Annie Ernaux : la passion est extraconjugale à 100%.

dimanche 22 janvier 2006.
 

JANVIER 1991 : Annie Ernaux rencontre A pour la dernière fois. Janvier 1992 : le livre décrivant sa relation avec A paraît sous le titre « Une passion simple ». La critique est partagée. Janvier 1993 : un an s’est écoulé. Près de 200.000 exemplaires sont vendus. Traduit dans toute l’Europe, aux Etats-Unis et au Japon, le roman a suscité un énorme courrier : à un certain moment, une dizaine de lettres par jour. De quoi remplir, à ras bord, un très grand carton. Des hommes chuchotent à leur libraire : « Je voudrais le livre sur la passion. » D’autres s’en servent comme d’un truchement muet. Ils l’offrent pour faire comprendre à l’autre que c’est de passion qu’il s’agit. Rencontre avec l’auteur.

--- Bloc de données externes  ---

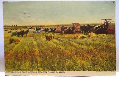 Title (ebay affiliate link): ''04 CN SOUV POSTCARD REAPING, INDIAN HEAD ASSA. CANADIAN PACIFIC RAILWAY FARMERS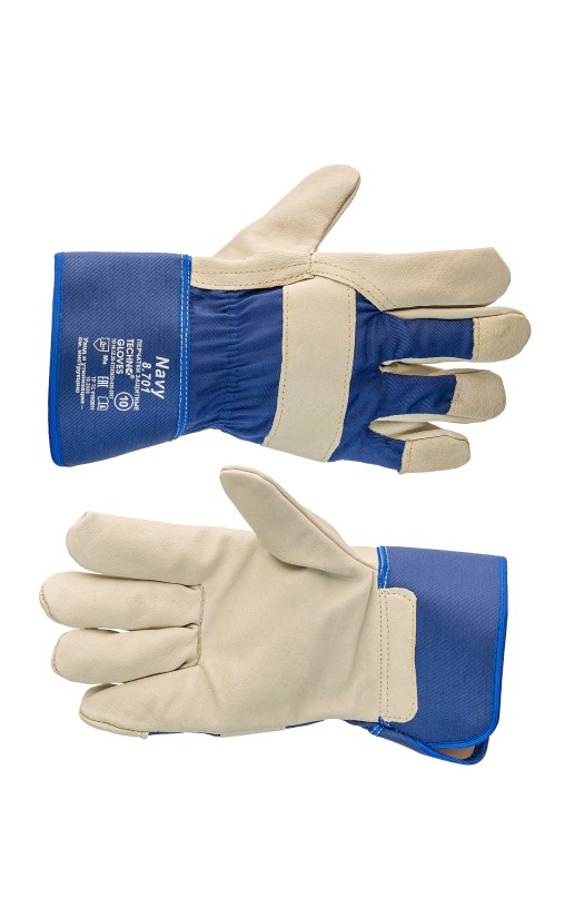 Материал: основа – плотная смесовая ткань, рабочая поверхность ладони и пальцев – прочная и мягкая свиная кожа особой выделки.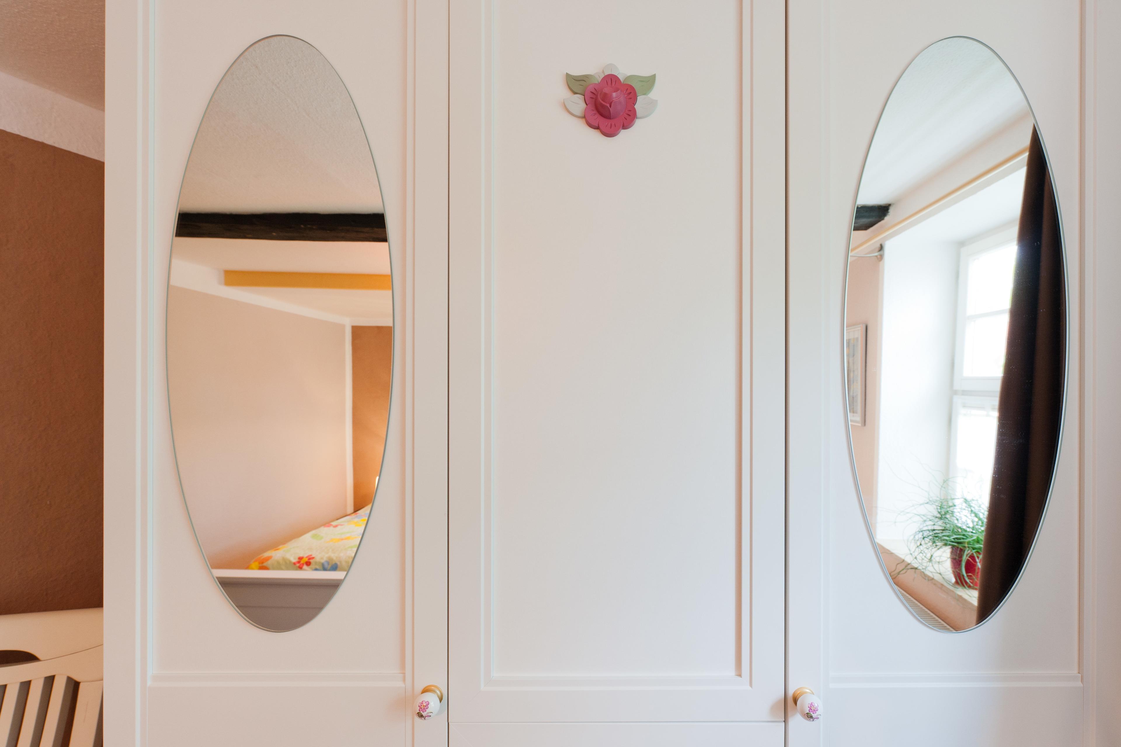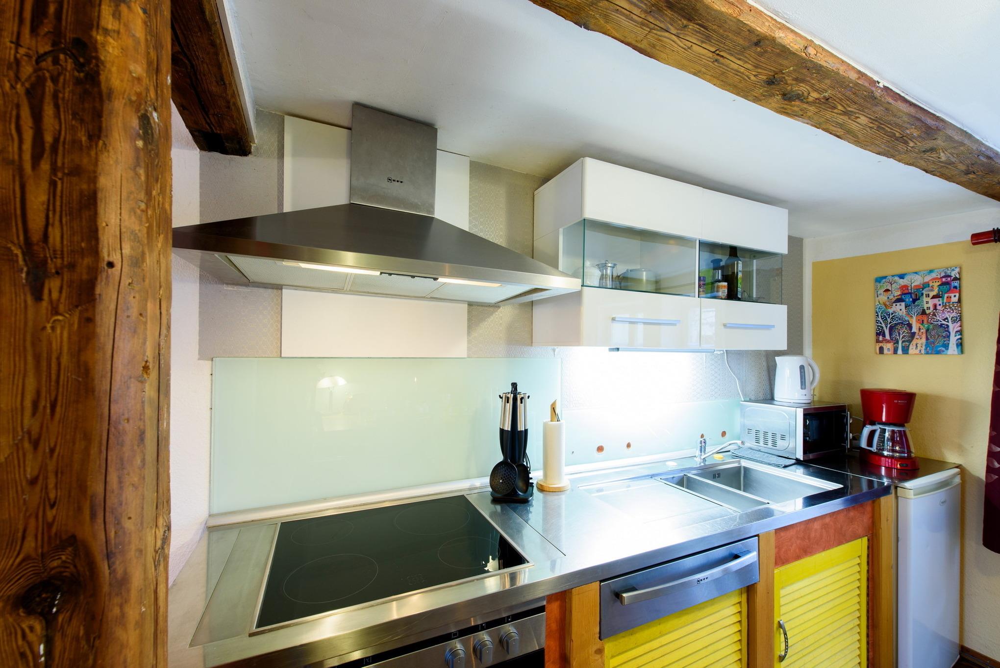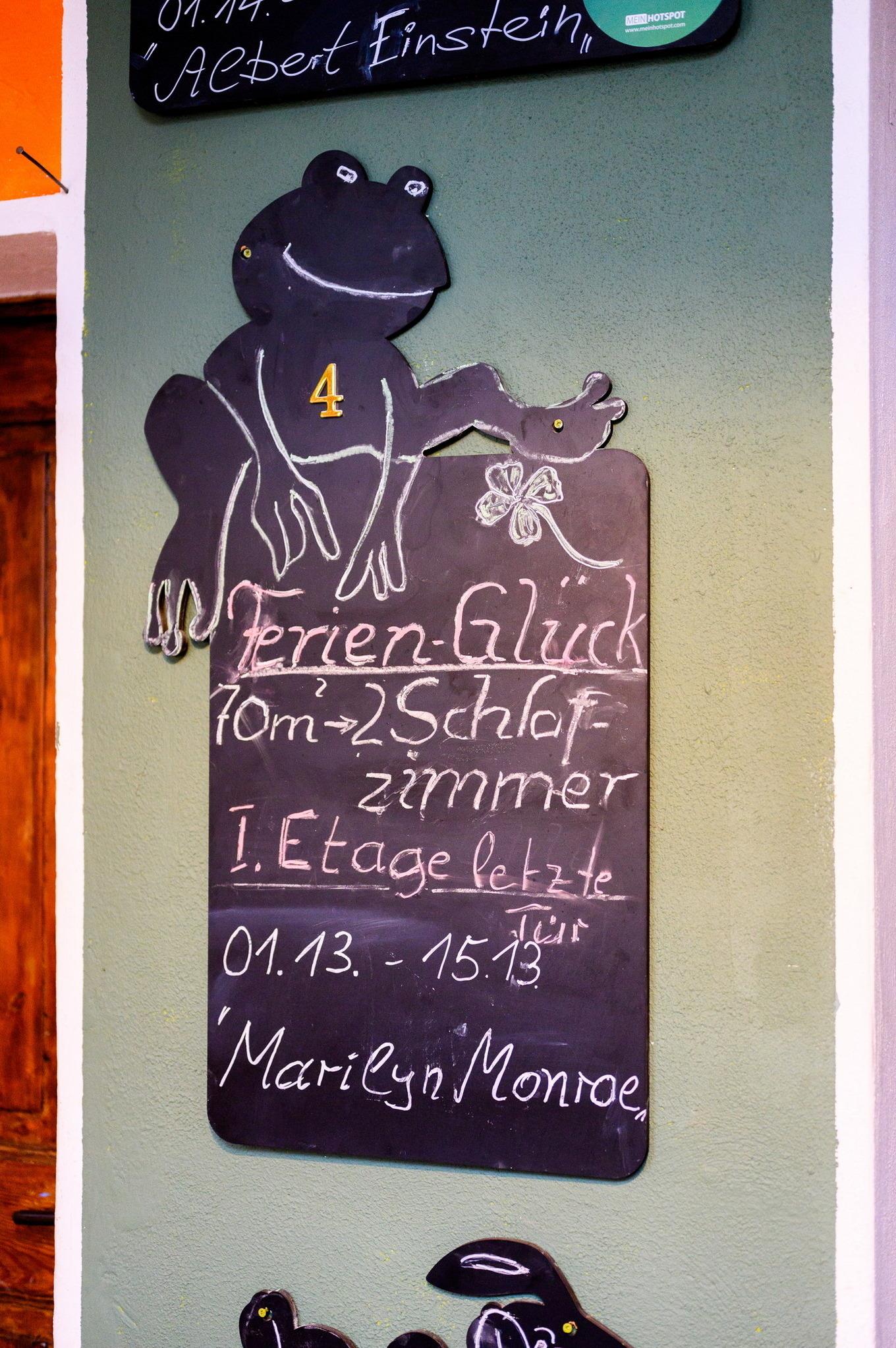 Diese Ferienwohnung ist 47qm groß und besteht aus einem Wohnbereich, der nur durch Balken von einer extravaganten, offenen Küche getrennt ist. Der Esstisch wurde aus einer langen Holzschwarte mit sichtbarer Rinde gefertigt. Die alte Wohnzimmertür und die sehr breiten Dielen lassen das Alter des Hauses erkennen. Vorsicht für Gäste über 2m: sie könnten an die Deckenbalken stoßen. Der Name »Sonnenschein« hat übrigens seine Berechtigung, da die Sonne im laufe des Tages von drei verschiedenen Seiten in dieses Zimmer scheint. Ein Schlafzimmer, Bad und Flur machen das Ganze noch komplett. Auch hier kann gegebenenfalls die Ledercouch für ein bis zwei weitere Gäste zum Schlafen umfunktioniert werden

Annie Ernaux, qui sont-ils ces lecteurs qui, sitôt le livre refermé, ont éprouvé le besoin de vous écrire ?.

Il y a un peu plus de femmes que d’hommes (peut-être 10% de plus). Cela fait donc beaucoup d’hommes. Ça va vraiment de 17 à 77 ans, et sociologiquement c’est extrêmement divers. Il y a eu un accueil presque compulsif de la part du lecteur de base, de celui qui envoie des lettres bourrées de fautes d’orthographe, qui ne lit pas de livres. Il y a eu aussi des hommes et des femmes homosexuels. Ils m’ont remerciée, avec des lettres magnifiques, comme si mon livre était un objet unisexe.

Ces lecteurs tenaient à vous dire quoi ? Que la passion existe ? que vous l’avez bien décortiquée ? que « je » ou « A » fonctionnent comme des miroirs ?

Beaucoup d’hommes se sont identifiés au « je ». Ce qui leur a plu, c’est qu’une femme assume ses désirs, qu’elle désire comme eux. On aurait dit que j’avais brisé une méconnaissance. Ils ont apprécié qu’il n’y ait pas de morale à la fin, de récrimination. Enfin, une femme qui ne demandait rien ! D’autres m’ont dit qu’ils aimeraient être un homme adoré de cette façon-là. Les lettres de femmes sont époustouflantes. Elles racontent ce qu’elles seraient capables de faire pour un homme qui n’est pas leur mari. Elles écrivent crûment leur désir physique. On dirait qu’en assumant cette passion, en ne la vivant pas dans la honte, alors que nous les Françaises avons tant été éduquées dans l’idée que le sexe c’est sale, on dirait que je leur ai donné une autorisation, que j’ai ouvert des vannes...

Cette passion se vit-elle dans la vie à deux ?

Non. Elle est extra-conjugale à 100% ! Sans doute la clandestinité y fait-elle beaucoup et aussi l’absence de quotidien...

Cela veut-il dire que le mariage est devenu une forme morte, dépassée ?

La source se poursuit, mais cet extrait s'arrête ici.